Regarding the need for pethidine injections due to shivering, there was a statistically significant difference between the two groups. In the room temperature IF group, 16 patients (42.1%) required pethidine injections, compared to only 7 patients (18.4%) in the warmed IF group (p=0.025). Additionally, the average dose of pethidine administered was significantly higher in the room temperature IF group (11.84±14.86 mg) than in the warmed IF group (5.26±12.24 mg) (p=0.025). These findings are consistent with previous studies that reported significant hypothermia in patients who received room temperature IF during TURP (3,9).

Limitations
In this study, room temperature intravenous serum was used for patients in two groups, but fluid heating devices and other external measures were not used to limit heat loss in patients. Therefore, evaluating the effect of intravenous fluid temperature and active heating on changes in body temperature and other parameters was impossible. On the other hand, the sample size of this study was small. Therefore, to achieve more accurate results, studies with larger sample sizes and investigations of the effect of active heating on temperature change are recommended. Also, two variables, patient comfort and surgeon comfort, can be investigated during TURP surgery through existing questionnaires with IF at room temperature and 37 degrees. It is also recommended that a similar study be conducted comparing two types of anesthesia, general anesthesia with SA, and simultaneously investigating the relationship between the type of anesthesia and the IF temperature in the occurrence of changes in the patient’s body temperature.

Conclusion
This study demonstrated that irrigating the bladder with warmed IF during TURP surgery significantly reduced the incidence of hypothermia, shivering, and the need for blood transfusions compared to using room temperature IF. Specifically, patients in the warmed IF group showed a smaller drop in body temperature at T2 (p<0.001) and T3 (p=0.008) compared to those receiving room temperature IF. Additionally, 42.1% of the patients in the room temperature IF group experienced shivering, compared to only 18.4% in the warmed IF group (p=0.045), which led to a significantly higher use of pethidine in the room temperature group (p=0.025). The reduction in the need for blood transfusions in the warmed IF group (0% vs. 15.8%, p=0.025) supports the hypothesis that maintaining normothermia reduces perioperative bleeding. Thus, warmed IF could be considered an effective and cost-efficient method to enhance patient outcomes in TURP surgeries, particularly in preventing hypothermia-induced complications.

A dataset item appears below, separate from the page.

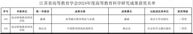 江苏省高等教育科学研究优秀成果奖由江苏省高等教育学会组织,旨在充分调动全省高等教育教学工作者的积极性和创造性,促进产出高质量的教育教学研究成果。此次评选活动共收到97所高校(事业单位、分支机构)推荐的论文、著作和报刊文章等459项,经审核及公示,对其中400项予以评审。经专家组评议,共评选出奖项160项,其中,特等奖9项、一等奖22项、二等奖129项。

Availability of data and materials
The datasets generated and/or analyzed in the current study are not publicly available due to patient privacy protection but are available from the corresponding author at a reasonable request.

Ethics approval and consent to participate
The study was performed in accordance with the declaration of Helsinki and approved by the Ethics Committee of Guilan University of Medical Sciences (IR.GUMS.REC.1399.322). It was registered in the Iranian Registry of Clinical Trial (IRCT) (Identifier: IRCT20121216011766N6; https://www.irct.ir)

Funding
No funding.

Acknowledgement  
The researchers thank Guilan University of Medical Sciences and Anesthesiology Research Center Department of Anesthesiology and Razi Clinical Research Development Unit, as well as the nurses who participated in this study.

Conflict of Interest 
The authors declare that they have no conflict of interest concerning this study.